张廖被扯到闺房门口,赶紧缩回身子,低着头不敢言语。
“快来,跟我演戏!”
“女子闺房,男子不可进!”张廖拱手推辞。
“快呀!”齐雪又拽他,却没拽动。
“进不得,进不得!为了雪儿的清誉,我是万万进不得!”
“墨迹!”齐雪改拉为拽,伸手抓住张廖的脖领,一把将他薅了进来。
张廖嘴上说着抗拒,心里却暗暗窃喜——自古能进姑娘闺房的,哪一个不是心上人?
“我不是看在雪儿面上,必斩你!”
噌的一声,陈鸿烈抽出佩剑,剑鸣瘆人。
月光下,剑影映在方承嗣的脸上,他却毫无惧色。
方承嗣心里其实也怕,怕自己一动手,会给齐雪惹来麻烦。
但身为主公的家臣,他死也不会退让半步。
他正左右为难,恰在此时,屋里传来张廖的声音,替他解围。
“木斋,进来吧。

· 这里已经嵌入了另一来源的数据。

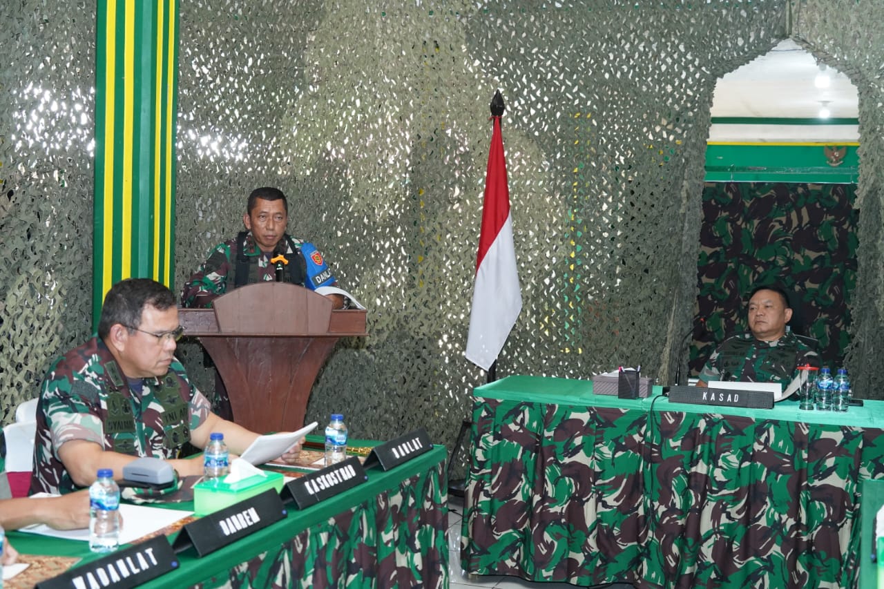 Sebelum melaksanakan pengarahan kepada seluruh peserta latihan, Kepala Staf Angkatan Darat (Kasad) Jenderal TNI Dr. Dudung Abdurachman menerima paparan dari Panglima Divisi Infanteri 2 Kostrad Mayjen TNI Haryanto, S.I.P., M.Tr. (Han). Selaku Komandan Latihan (Danlat) tentang mekanisme latihan Pratugas Satgas Pamtas Mobile TNI di Wilayah Papua Yonif MR 411/Pandawa/6/2 Kostrad TA 2023.

”
陈鸿烈推门进屋,探头朝齐雪的闺房瞧了瞧。
闺房内,他看到张廖坐在齐雪的床边,心里五味杂陈
其实他也想进去,却碍于礼节,只能止步。
“是……是陈……”齐雪声若游丝。
张廖会意,扬声道:“进来吧!”他的语气带着几分骄傲,仿佛在宣誓主权。
“雪儿……”陈鸿烈瞧了眼张廖,又连忙改口,“齐姑娘好些了?”
“哎,被那贼子吓坏了!”张廖声音低沉,瞥了一眼面色红润,却偏装奄奄一息的齐雪。
“没丢多少盐?”
“啊!你果然……”齐雪猛地睁眼大喊,接着想到什么,又赶紧眯起眼,气若游丝道,“你还是担心盐,不是担心我。”
陈鸿烈眉头一跳,歪着头,一脸茫然:“哎?”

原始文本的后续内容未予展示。